The CAREPATH Clinical Research Group conducted several meetings and a literature review to calculate the overall risk of a patient based on the selected risk phenotypes. The conditions included in the risk analysis were frailty status, disability in basic activities of daily living (BADL), cognitive profile, hypertension (HT) grade, heart failure (HF) stage, chronic obstructive pulmonary disease (COPD) stage, chronic kidney disease (CKD) grade, diabetes mellitus (DM), coronary artery disease (CAD), presence of stroke or transient ischemic attack (TIA), nutritional status and sarcopenia (see figure below).

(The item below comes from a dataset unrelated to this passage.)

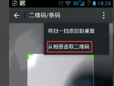 3、点击【设置】功能按钮,弹出下拉菜单,可以看到【从相册选取二维码】功能,如下图所示。
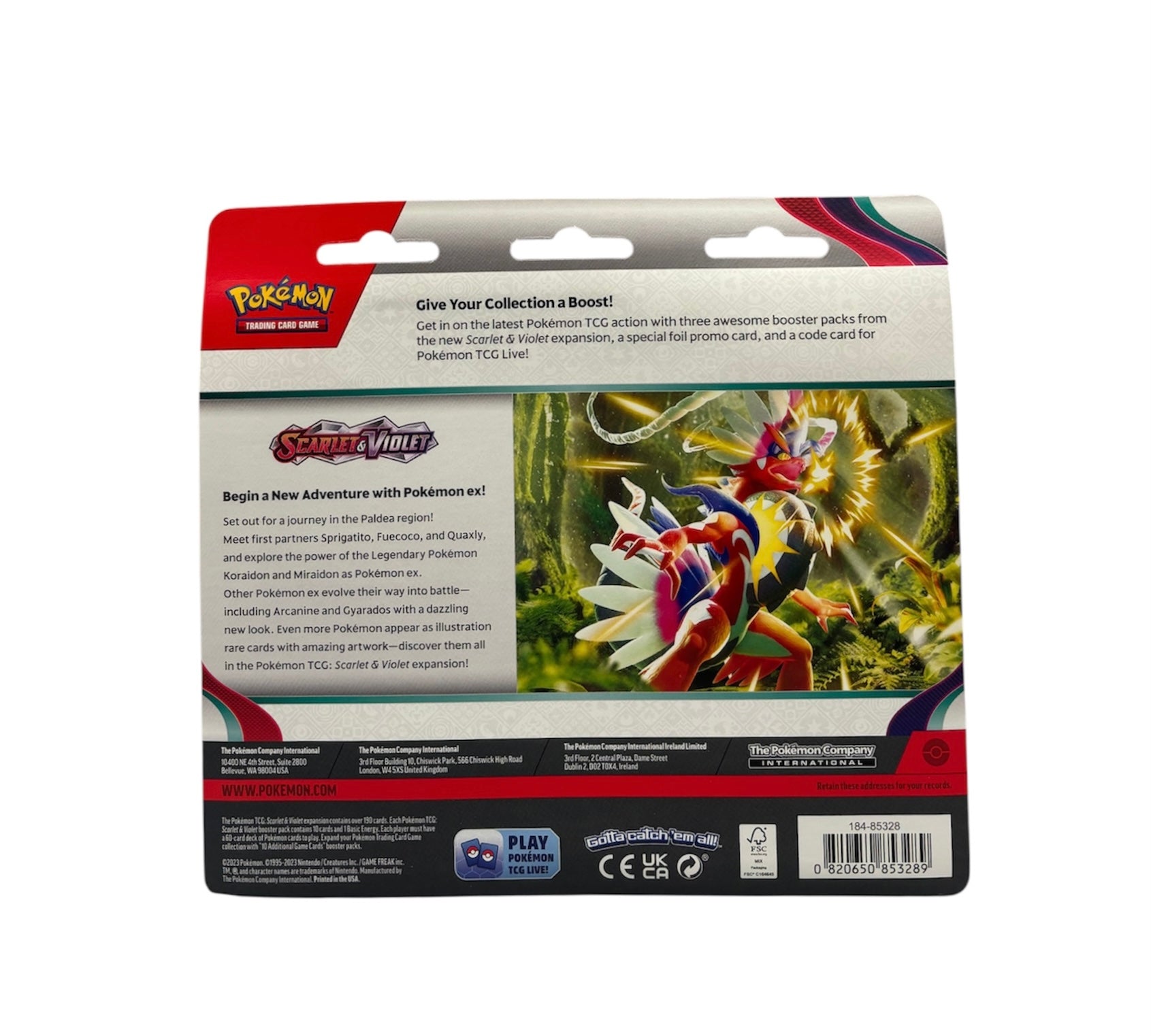 - Inhalt: 3 Boosterpacks der Karmesin & Purpur Erweiterung S&V Base und Promokarte Dondozo

Risk phenotypes were first hierarchical based regarding frailty/disability, followed by cognitive profile. Older adults with frailty or disability in BADL were considered high risk od adverse healthcare outcomes based on previous research, and non-frail or robust older adults were subclassified in mild cognitive impairment (MCI) (low risk) and mild dementia (intermediate risk). After this first classification, older adults are categorized in low risk (green), intermediate risk (yellow) or high risk (red) regarding the multimorbidity profile including the aforementioned diseases. Finally, older adults are categorised in the three risk phenotypes using the highest risk at any point of the figure.
This classification is new and empirical, although based in the clinical expertise of the Clinical Research Group and the literature review conducted for the CAREPATH clinical guidelines. In CAREPATH, risk profiles will be used by the healthcare team to determine early warnings and alerts and will be incorporated in the Clinical Decision Support Modules. Finally, one of the objectives of CAREPATH will be to clinically validate this new risk phenotype rules. Using clinical outcomes from the clinical investigation and multisensory data collected by the AICP, we will conduct artificial intelligence (AI) analysis to determine if these rules provide a valid and reliable pre-test approach to the healthcare provision of multimorbid older adults with MCI or mild dementia.
Bibliography
- Ogaz-González R, Corpeleijn E, García-Chanes RE, et al. Assessing the relationship between multimorbidity, NCD configurations, frailty phenotypes, and mortality risk in older adults. BMC Geriatr. 2024; 24: 355.
- Nguyen QD, Wu C, Odden MC, et al. Multimorbidity Patterns, Frailty, and Survival in Community-Dwelling Older Adults. J Gerontol A Biol Sci Med Sci. 2019; 74: 1265-70.
- Olaya B, Moneta MV, Caballero FF, et al. Latent class analysis of multimorbidity patterns and associated outcomes in Spanish older adults: a prospective cohort study. BMC Geriatr. 2017; 17: 186.
- Fogg C, England T, Zhu S, et al. Primary and secondary care service use and costs associated with frailty in an ageing population: longitudinal analysis of an English primary care cohort of adults aged 50 and over, 2006-2017. Age Ageing. 2024; 53: afae010.